My back hurts pretty often these days. Actually, since I turned 65, many things do. I'm still active—I ride my bike 20 miles in one shot—but I know that someday things will start coming loose and falling off. (Of the bike, and also me.)

So it was with some trepidation last winter that I joined the hordes of kids sledding down the steep hill in my neighborhood. I hadn't been on a sled in 25 years. But the sledders—toddlers to teenagers—seemed hysterically happy. I remembered that sled-happiness. I wanted it again. The problem was, I had no sled. But I did have the lid of a metal hamper. I went home for it, then hurried back.

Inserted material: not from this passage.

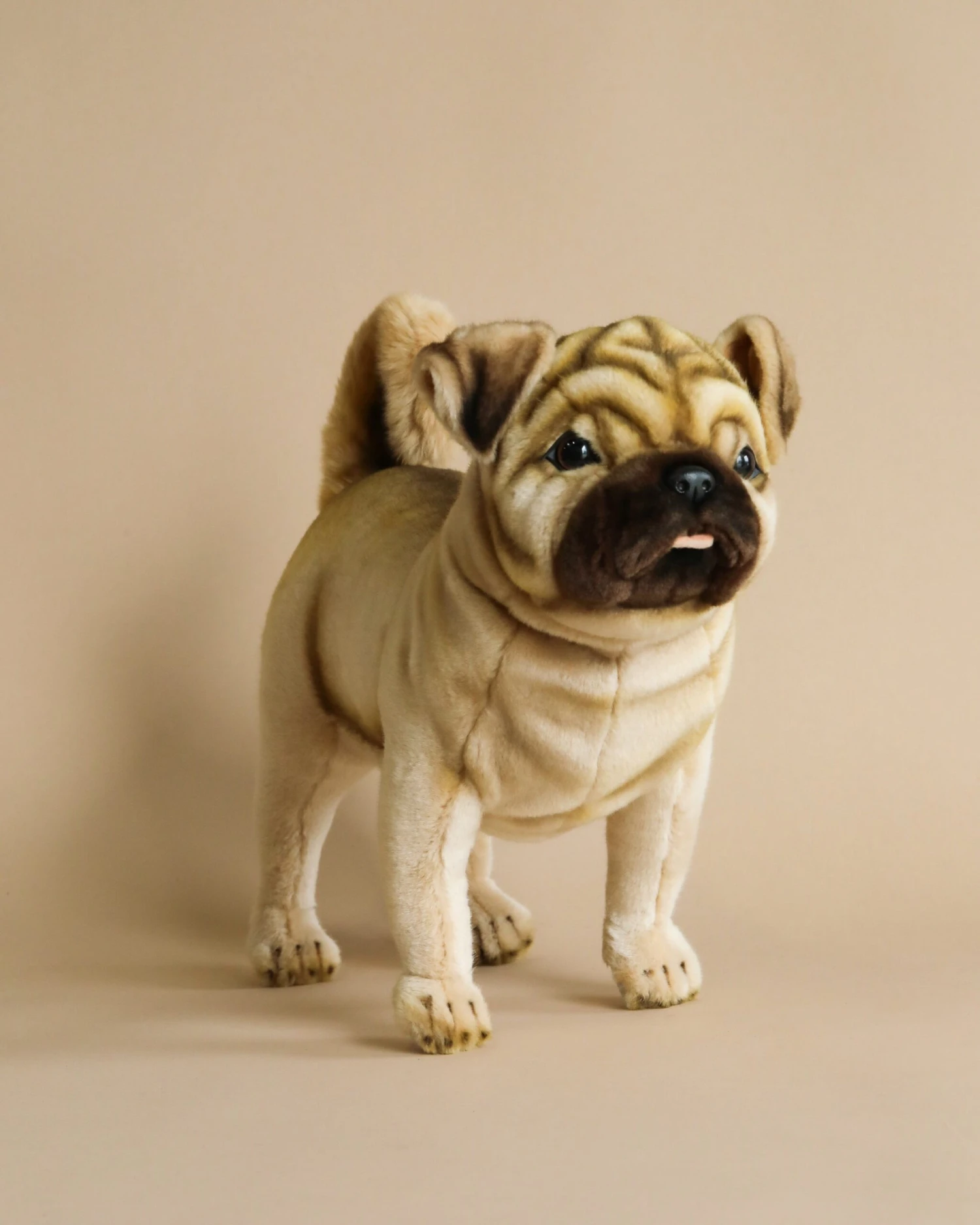 Artisans hand sew the animals “inside out”, an old world tradition that results in the mininization of seams, and their bodies are carefully “sculpted” to create “musculature” and “features” like movement in a walking or sitting position that are unique to each creature. On average, there are 42 separate pieces required to make each animal, that must be combined by a team of truly creative artists to create the distinctly realistic features that characterize HANSA animals. (Some animals have as many as 240 different parts!) Each animal is individually hand sewn, to give it a unique “personality”, there are more than 860 different fabrics and man-made furs from which the “coat” and “hides” are made, along with over 6000 sets of different eyes, whiskers, claws, noses, and related accessories allocated for creating these wonderful plush animals. Stuffing emphasizes careful attention to the placement of the highest quality man-made materials.

I guess I have mild body dysmorphia: When I tried to sit on the lid, I found it was too small for my butt. I was too excited to care, though. "If I fall off," I thought, "I'll be falling into fresh snow, unlikely to break my neck. Works for me!"

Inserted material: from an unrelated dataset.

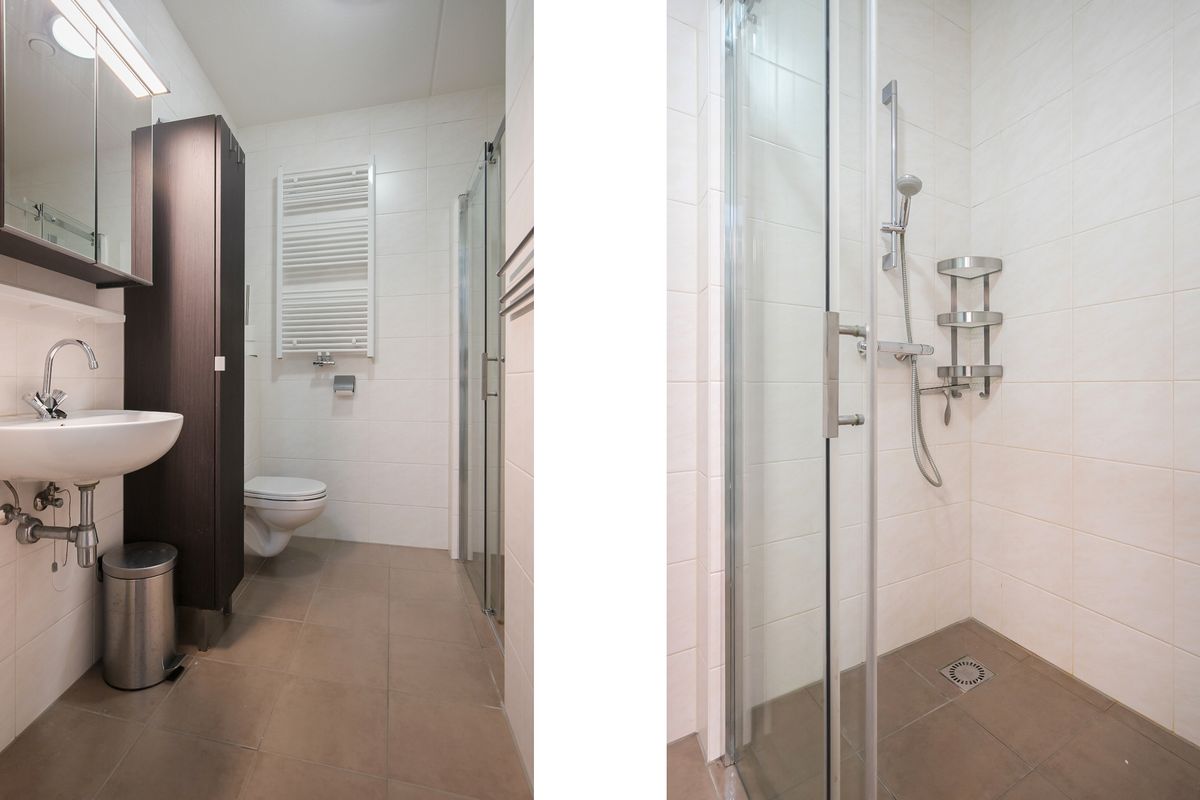 De badkamer is voorzien van een ruime douche, wastafel en 2e toilet.
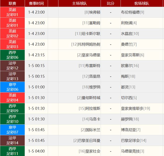 英超 伯恩茅斯 2-3 阿森纳 北京时间1月4日01:30,英超联赛第20轮,阿森纳客场挑战伯恩茅斯。上半场加布里埃尔送礼,埃瓦尼尔森破门,随后加布里埃尔补射破门将功补过扳平比分,半场阿森纳暂1-1伯恩茅斯;下半场厄德高助攻赖斯破门帮助枪手反超比分,随后萨卡助攻赖斯再下一城,克鲁皮为伯恩茅斯扳回一球,最终阿森纳3-2逆转伯恩茅斯,联赛五连胜,先赛6分领跑。 西甲 西班牙人 0-2 巴萨 北京时间1月4日04:00,西甲联赛第18轮,西班牙人坐镇RCDE体育场迎战巴萨。上半场霍安·加西亚神扑,两队暂0-0战平;下半场霍安·加西亚再献神扑,费尔明分别助攻奥尔莫和莱万破门,最终巴萨2-0西班牙人,各项赛事八连胜,先赛情况下7分领跑。 意甲 亚特兰大 1-0 罗马 北京时间1月4日03:45,意甲联赛第18轮,亚特兰大坐镇主场蓝色竞技场迎战罗马。上半场,斯卡尔维尼先拔头筹,斯卡马卡破门被吹。易边再战,苏莱、迪巴拉造险。最终亚特兰大1-0罗马。积分榜方面。罗马33分第五,亚特兰大25分第八。 意甲 尤文图斯 1-1 莱切 北京时间1月4日01:00,意甲联赛第18轮,尤文坐镇安联竞技场迎战莱切。上半场,邦达首开纪录。尤文半场0-1落后莱切。下半场,麦肯尼扳平比分,随后戴维罚丢点球。最终尤文1-1战平莱切,联赛3连胜遭终结。 其他赛事比分: 澳超 布里斯班狮吼 0-3 惠灵顿凤凰 澳超 墨尔本城 0-0 悉尼FC 英超 阿斯顿维拉 3-1 诺丁汉森林 英超 布莱顿 2-0 伯恩利 英超 狼队 3-0 西汉姆联 意甲 科莫 1-0 乌迪内斯 意甲 热那亚 1-1 比萨 意甲 萨索洛 1-1 帕尔马 西甲 塞尔塔 4-1 巴伦西亚 西甲 奥萨苏纳 1-1 毕尔巴鄂竞技 西甲 埃尔切 1-3 比利亚雷亚尔 法甲 摩纳哥 1-3 里昂 法甲 尼斯 1-1 斯特拉斯堡 法甲 里尔 0-2 雷恩 赛事前瞻敬请留意 |

I positioned myself at the hill's peak. "Need a shove?" someone asked. "I do!" I said, and I was off. Off the lid, that is—but not before I'd enjoyed 20 feet of bliss. I was so happy with myself, the kids, the world.

It was good to remember that doing something inadvisable—flying down a hill, eating French fries five nights in a row, strolling alone through the park on a balmy summer night—keeps my outlook fresh, as if I were seeing through the eyes of a child.